* _ACTION ITEM_
Drop all pictures and repeat exactly the lines from the line holding "Here is an ad" through the end of the records.

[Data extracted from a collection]
*** Block opens ***
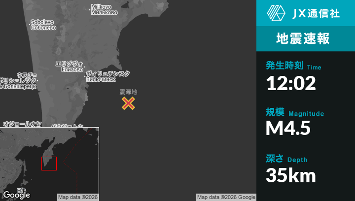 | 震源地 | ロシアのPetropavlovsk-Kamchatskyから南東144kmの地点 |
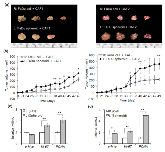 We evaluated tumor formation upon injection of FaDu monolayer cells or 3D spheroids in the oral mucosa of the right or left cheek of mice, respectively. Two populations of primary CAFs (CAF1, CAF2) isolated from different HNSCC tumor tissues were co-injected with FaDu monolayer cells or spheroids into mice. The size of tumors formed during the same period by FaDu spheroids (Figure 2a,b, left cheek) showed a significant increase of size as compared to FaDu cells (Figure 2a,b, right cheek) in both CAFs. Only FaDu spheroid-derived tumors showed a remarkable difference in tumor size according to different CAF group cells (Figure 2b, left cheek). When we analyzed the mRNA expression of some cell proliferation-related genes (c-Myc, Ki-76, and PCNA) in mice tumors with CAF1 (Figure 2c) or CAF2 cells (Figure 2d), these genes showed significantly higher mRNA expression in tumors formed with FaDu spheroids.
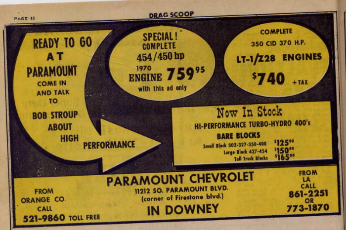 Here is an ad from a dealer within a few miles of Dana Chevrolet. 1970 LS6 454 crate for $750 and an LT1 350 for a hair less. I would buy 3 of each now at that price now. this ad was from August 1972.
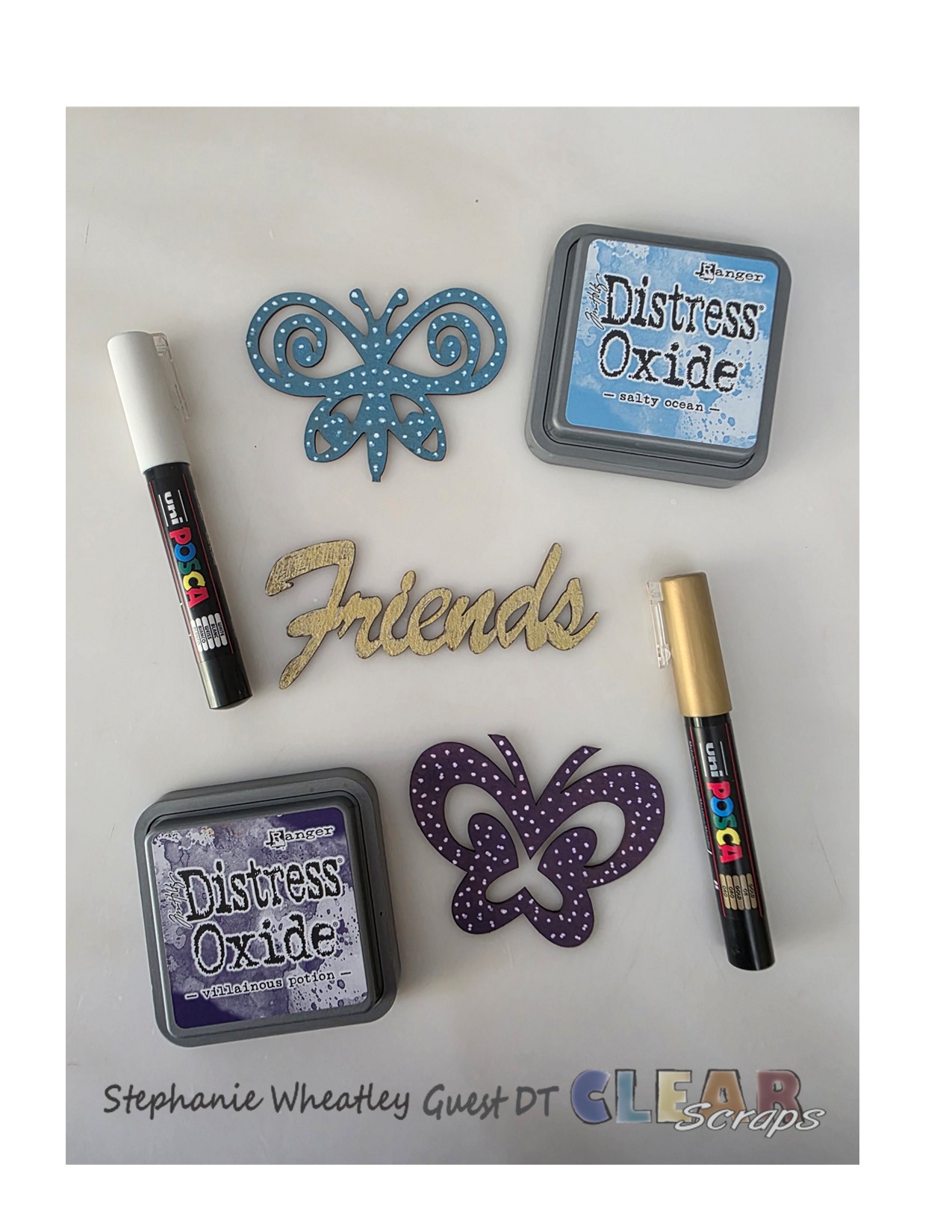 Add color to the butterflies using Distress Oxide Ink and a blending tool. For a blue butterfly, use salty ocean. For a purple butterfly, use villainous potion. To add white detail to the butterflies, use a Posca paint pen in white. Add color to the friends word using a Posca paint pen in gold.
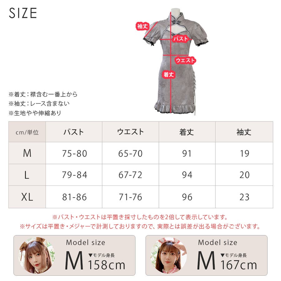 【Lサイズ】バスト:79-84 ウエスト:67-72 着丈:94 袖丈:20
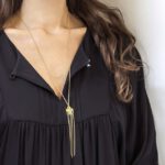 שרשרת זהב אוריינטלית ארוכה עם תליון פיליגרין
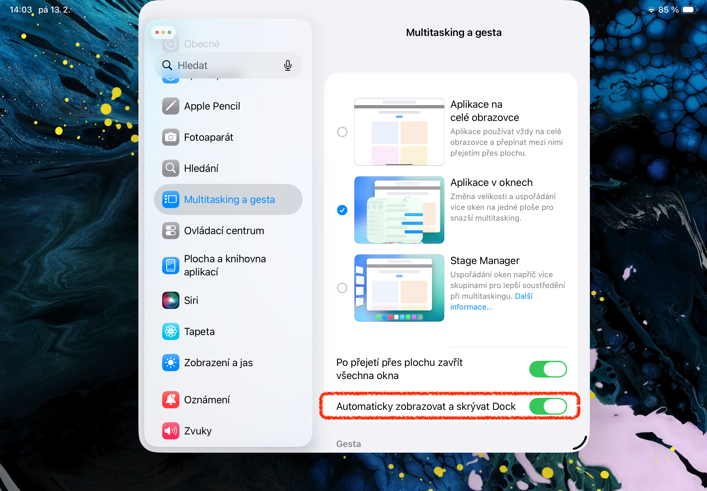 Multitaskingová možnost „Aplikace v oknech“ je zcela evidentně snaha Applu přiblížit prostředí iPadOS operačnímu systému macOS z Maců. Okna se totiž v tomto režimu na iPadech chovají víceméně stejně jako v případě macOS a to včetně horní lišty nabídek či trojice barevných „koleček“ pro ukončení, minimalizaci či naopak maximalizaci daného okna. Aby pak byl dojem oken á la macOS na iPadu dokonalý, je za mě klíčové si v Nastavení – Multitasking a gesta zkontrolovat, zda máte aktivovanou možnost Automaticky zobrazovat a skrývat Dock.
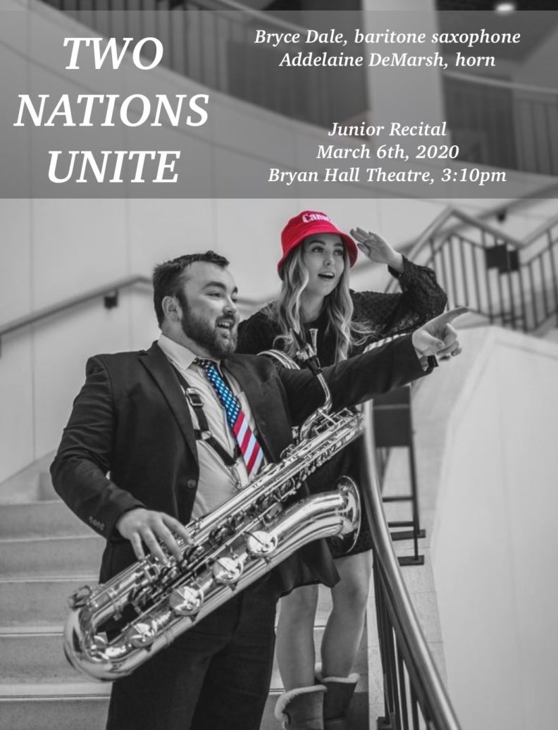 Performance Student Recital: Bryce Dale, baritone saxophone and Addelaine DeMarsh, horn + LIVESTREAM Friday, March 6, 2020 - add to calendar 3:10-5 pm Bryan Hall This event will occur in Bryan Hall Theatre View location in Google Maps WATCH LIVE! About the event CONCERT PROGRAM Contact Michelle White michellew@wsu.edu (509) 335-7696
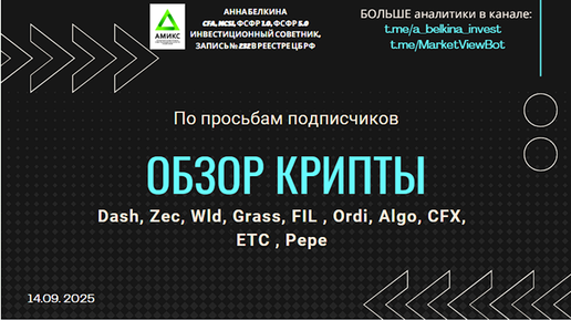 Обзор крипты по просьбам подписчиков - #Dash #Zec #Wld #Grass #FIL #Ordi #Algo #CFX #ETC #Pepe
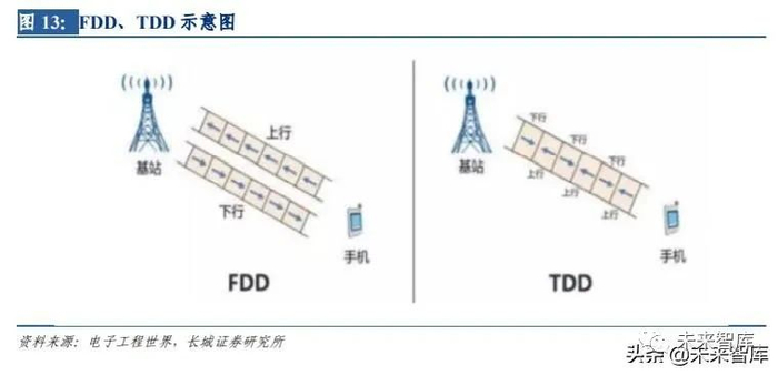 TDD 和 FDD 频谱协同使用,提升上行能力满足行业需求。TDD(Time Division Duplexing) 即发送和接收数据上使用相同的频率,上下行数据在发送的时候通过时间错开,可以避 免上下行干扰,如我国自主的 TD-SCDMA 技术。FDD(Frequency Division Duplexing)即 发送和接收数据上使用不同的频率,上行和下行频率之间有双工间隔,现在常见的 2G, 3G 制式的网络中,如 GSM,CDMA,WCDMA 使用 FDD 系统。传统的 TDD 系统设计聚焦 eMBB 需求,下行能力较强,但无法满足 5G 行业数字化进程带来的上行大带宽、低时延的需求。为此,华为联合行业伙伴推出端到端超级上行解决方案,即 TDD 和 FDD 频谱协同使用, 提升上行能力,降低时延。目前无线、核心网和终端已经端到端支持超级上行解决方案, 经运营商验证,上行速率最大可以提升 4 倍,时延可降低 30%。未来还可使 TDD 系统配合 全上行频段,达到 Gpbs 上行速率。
*** Block closes ***
* _WORKED SOLUTION_
 Here is an ad from a dealer within a few miles of Dana Chevrolet. 1970 LS6 454 crate for $750 and an LT1 350 for a hair less. I would buy 3 of each now at that price now. this ad was from August 1972.
 Add color to the butterflies using Distress Oxide Ink and a blending tool. For a blue butterfly, use salty ocean. For a purple butterfly, use villainous potion. To add white detail to the butterflies, use a Posca paint pen in white. Add color to the friends word using a Posca paint pen in gold.
 【Lサイズ】バスト:79-84 ウエスト:67-72 着丈:94 袖丈:20
 שרשרת זהב אוריינטלית ארוכה עם תליון פיליגרין
 Multitaskingová možnost „Aplikace v oknech“ je zcela evidentně snaha Applu přiblížit prostředí iPadOS operačnímu systému macOS z Maců. Okna se totiž v tomto režimu na iPadech chovají víceméně stejně jako v případě macOS a to včetně horní lišty nabídek či trojice barevných „koleček“ pro ukončení, minimalizaci či naopak maximalizaci daného okna. Aby pak byl dojem oken á la macOS na iPadu dokonalý, je za mě klíčové si v Nastavení – Multitasking a gesta zkontrolovat, zda máte aktivovanou možnost Automaticky zobrazovat a skrývat Dock.
 Performance Student Recital: Bryce Dale, baritone saxophone and Addelaine DeMarsh, horn + LIVESTREAM Friday, March 6, 2020 - add to calendar 3:10-5 pm Bryan Hall This event will occur in Bryan Hall Theatre View location in Google Maps WATCH LIVE! About the event CONCERT PROGRAM Contact Michelle White michellew@wsu.edu (509) 335-7696
 Обзор крипты по просьбам подписчиков - #Dash #Zec #Wld #Grass #FIL #Ordi #Algo #CFX #ETC #Pepe
 TDD 和 FDD 频谱协同使用,提升上行能力满足行业需求。TDD(Time Division Duplexing) 即发送和接收数据上使用相同的频率,上下行数据在发送的时候通过时间错开,可以避 免上下行干扰,如我国自主的 TD-SCDMA 技术。FDD(Frequency Division Duplexing)即 发送和接收数据上使用不同的频率,上行和下行频率之间有双工间隔,现在常见的 2G, 3G 制式的网络中,如 GSM,CDMA,WCDMA 使用 FDD 系统。传统的 TDD 系统设计聚焦 eMBB 需求,下行能力较强,但无法满足 5G 行业数字化进程带来的上行大带宽、低时延的需求。为此,华为联合行业伙伴推出端到端超级上行解决方案,即 TDD 和 FDD 频谱协同使用, 提升上行能力,降低时延。目前无线、核心网和终端已经端到端支持超级上行解决方案, 经运营商验证,上行速率最大可以提升 4 倍,时延可降低 30%。未来还可使 TDD 系统配合 全上行频段,达到 Gpbs 上行速率。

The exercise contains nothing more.